SPEAKER_03Including your breath. Every breath, every heartbeat. And that's where that fall into his arms, surrender. And it's a spiritual discipline, for me, it's a spiritual discipline, a spiritual exercise. When the heat comes and you run down, you know, you send your mind and your heart down, like sterile. Glory to God. And when you run like that, it starts to become second nature, right? Where there's the quote bad moves, you think it's bad moves, and it hurts, and your chest gets tight, and you run down. And it's a spiritual exercise. I've actually worked that spiritual muscle, at least for me, and I hope that I can help others who may be running.
SPEAKER_00Exactly for me, that same way too, because a huge mistake I made for many years was okay, the Lord saved me. Now I've got to fix myself. Now I've got to go through the whole, I've got to do the sanctifying and I've got to be the good little girl and all that. Not that I want to be a bad little girl, but I've got to finish this work. I took me a while, even though I read the scripture, that it's the Lord who begins and ends. He's the author and the finisher of our faith. Um read that, but it really didn't sink in, you know, where it was operating in a more relaxed obedience as Lewis's word of relaxed obedience, that God's gonna finish me up and make me exactly what he wants to make me, and I will be happy with that. I don't need to be worried about I've got to add something to his work. Yeah. No. That's so awful.
SPEAKER_04It's the Galatian heresy, right? You fools who has bewitched you. Exactly. You've begun by the spirit, now you think you're gonna finish it by the flesh. Come on. That's essentially Paul's argument in Galatians.
SPEAKER_00That opens the door for so many really weird legalistic things. Okay. Like when my parents first went to Somalia, way back when they were Mennonites, and they went under the the uh structure of the Lancaster Mennonite, and for them, my dad's shoes had to be black, they couldn't be brown. And my mom's hair had to be over her over her ears, couldn't, I mean, behind her ears, it couldn't be over. Now, is that not the most ridiculous thing you ever heard? But that's what legalism does. It gets tighter and tighter and more, you know, little and little and petty and putting tassels on it. The Pharisees did it, but people, other people, everybody in every church tradition will go that way as if they don't keep tight on the Lord Jesus and his grace.

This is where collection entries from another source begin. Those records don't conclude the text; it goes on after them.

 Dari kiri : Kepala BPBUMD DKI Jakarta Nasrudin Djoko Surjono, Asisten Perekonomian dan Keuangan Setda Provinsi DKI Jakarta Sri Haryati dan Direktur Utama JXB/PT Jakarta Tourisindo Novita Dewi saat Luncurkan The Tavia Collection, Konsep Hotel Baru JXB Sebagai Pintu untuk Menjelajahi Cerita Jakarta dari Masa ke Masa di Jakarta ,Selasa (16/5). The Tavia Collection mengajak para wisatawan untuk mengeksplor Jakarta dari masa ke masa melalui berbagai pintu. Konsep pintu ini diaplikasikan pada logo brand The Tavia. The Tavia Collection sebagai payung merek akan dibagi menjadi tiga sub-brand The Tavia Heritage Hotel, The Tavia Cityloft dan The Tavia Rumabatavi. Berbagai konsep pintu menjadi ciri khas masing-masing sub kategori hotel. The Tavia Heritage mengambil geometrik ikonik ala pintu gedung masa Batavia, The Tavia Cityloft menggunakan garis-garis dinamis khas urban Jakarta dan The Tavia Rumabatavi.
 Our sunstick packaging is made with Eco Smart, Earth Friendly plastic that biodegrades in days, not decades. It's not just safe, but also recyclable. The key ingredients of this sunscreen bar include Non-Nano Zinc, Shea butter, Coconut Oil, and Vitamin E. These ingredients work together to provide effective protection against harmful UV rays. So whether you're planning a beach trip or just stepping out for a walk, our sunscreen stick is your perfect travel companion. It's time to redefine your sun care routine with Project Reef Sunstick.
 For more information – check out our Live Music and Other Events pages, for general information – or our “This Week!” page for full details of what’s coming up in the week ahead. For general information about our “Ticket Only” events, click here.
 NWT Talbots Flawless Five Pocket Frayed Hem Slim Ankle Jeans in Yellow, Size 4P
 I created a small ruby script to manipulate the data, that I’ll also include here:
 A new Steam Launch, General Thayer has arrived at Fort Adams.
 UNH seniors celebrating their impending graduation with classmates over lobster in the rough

They'll go that way one way or another.
SPEAKER_04Yeah. Relaxed obedience is a good term, especially when we think about this. Not in the sense that we're relax about our obedience, that's not the case. But like when you think about preservation, that God is preserved preserving all things, right? There's a kind of anxiety that you can live with in the world. Whether we're talking about climate change kind of globally, or maybe we're talking more locally in terms of our own health, right? You can be like a biohacker where you're going to perfectly fine-tune every variable in your life. You're going to work out three hours a day, you're only going to shop at whole paycheck, all these kinds of things. And, you know, I'm not saying those things are wrong. I mean, those are mostly good things. But if it's born of a kind of anxiety where you kind of forget that God is the preserver of all things, and then you believe, if it's meant to be, it's up to me. Right? If you believe that you're the preserver of all things, then you're no longer in the realm of relaxed obedience, where it's like, I'm going to take care of my body, I'm going to take care of my world because God has called me to do it. I'm going to do it freely, I'm going to do it joyfully, I'm going to do it in confidence, knowing that, you know, He's the one who's working in and underneath my work. Like that's a good way to be free in the world. But the other way is to be anxious, where you're bearing the weight of the world on your shoulders. And if I get this thing wrong, if I don't get the right macro ratio today, or if I like buy a thing with the wrong kind of packaging, or I put the kind of fuel, wrong kind of fuel in my car, whatever, like I'm going to participate in the destruction of the world. We're not called, we're called to be good stewards of our bodies and of our world and all of that. But we're not called to live under a crippling anxiety as though it's up to us to keep creation and keep ourselves alive. If that makes sense. People say carbon footprint, put that on a coffee box. We're not having church today, we're having life wet.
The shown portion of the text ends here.